Constant Cache index.

[51:36]

16

a_value

First 16-bit value.

[35:20]

16

b_value

Second 16-bit value.

[19:4]

16

c_value

Third 16-bit value.

[3:0]

4

reserved

Must be zero.

Tip

The three slots (a / b / c) let a single MEMSET write an entire (M, N, K) tuple in one shot.

4. CVO (opcode = 0x4)

Complex Vector Operation — the instruction sent to the SFU.

Bits

Width

Field

Description

[59:56]

4

cvo_func

Function code (table below).

[55:39]

17

src_addr

L2 address of the input vector.

[38:22]

17

dst_addr

L2 address for the result.

[21:6]

16

length

Number of elements to process.

[5:1]

5

flags

See 4.2 CVO Flags (5 bit).

[0]

1

async

0 = synchronous, 1 = asynchronous.

4.1 CVO Function Codes

Function

Code

Description

CVO_EXP

4'h0

exp(x) — softmax.

CVO_SQRT

4'h1

sqrt(x) — RMSNorm.

CVO_GELU

4'h2

gelu(x) — FFN non-linearity.

CVO_SIN

4'h3

sin(x) — RoPE.

CVO_COS

4'h4

cos(x) — RoPE.

CVO_REDUCE_SUM

4'h5

Sum of vector elements.

CVO_SCALE

4'h6

Scalar × vector.

CVO_RECIP

4'h7

1/x.

4'h84'hF

Reserved for future extensions.

4.2 CVO Flags (5 bit)

Bit

Name

Description

[4]

sub_emax

Subtract e_max before computing (softmax stabilization).

[3]

recip_scale

Use the reciprocal of the scalar (turns multiplication into division).

[2]

accm

Accumulate into dst.

[1:0]

reserved

Must be zero.

5. Summary

Opcode

Primary use case

GEMM

Prefill.
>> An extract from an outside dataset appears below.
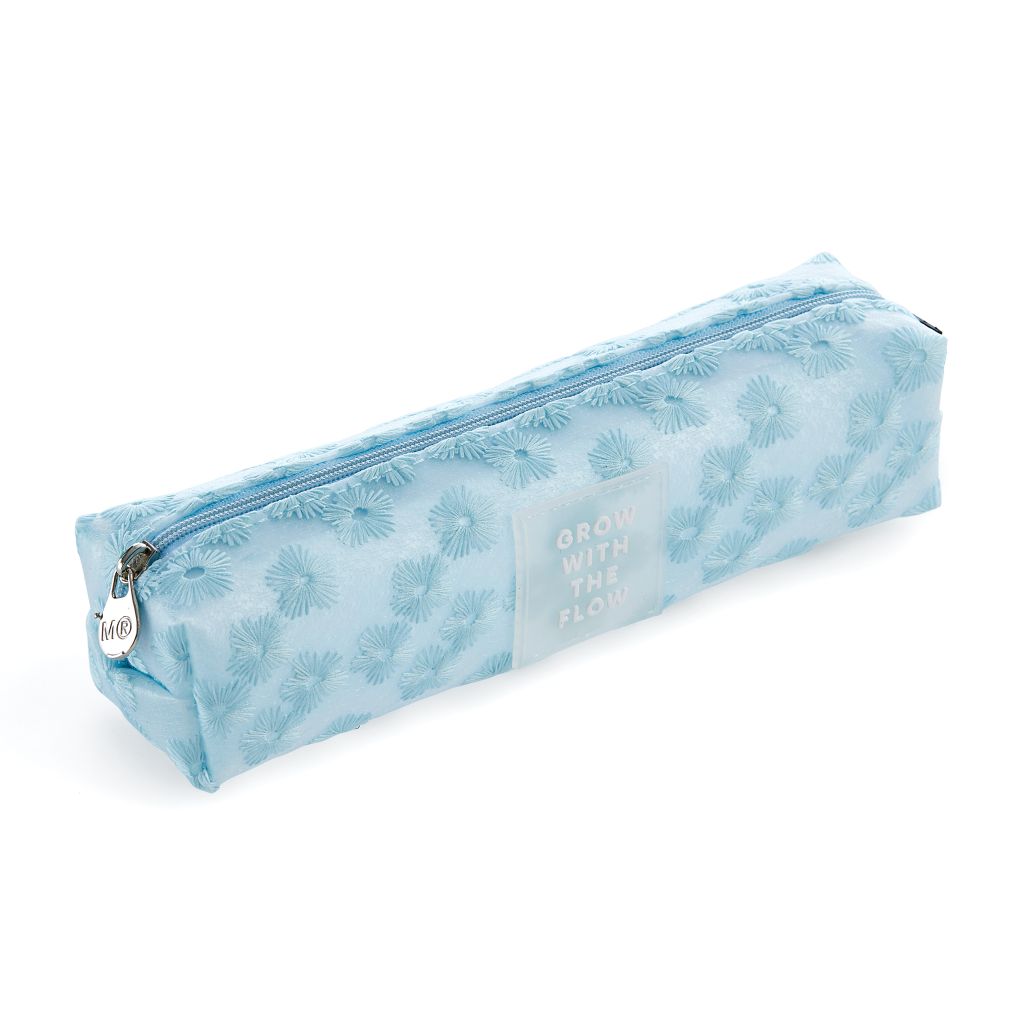 Plava pernica sa izvezenim cvjetovima. Dimenzija kutije: 210 x 60 x 50 mm . Dimenzija pernice: 200 x 45 x 45 mm. Materijal: poliester sa izvezenim cvjetovima.

Q/K/V projection, FFN up / down projection.

GEMV

Decoding. Every projection in the autoregressive step.

CVO

Softmax, RMSNorm, RoPE, GELU.

MEMCPY

Host ↔ device weight loads, KV cache updates, token output.

MEMSET

Preset shape / size pointers at layer start, inject scale factors.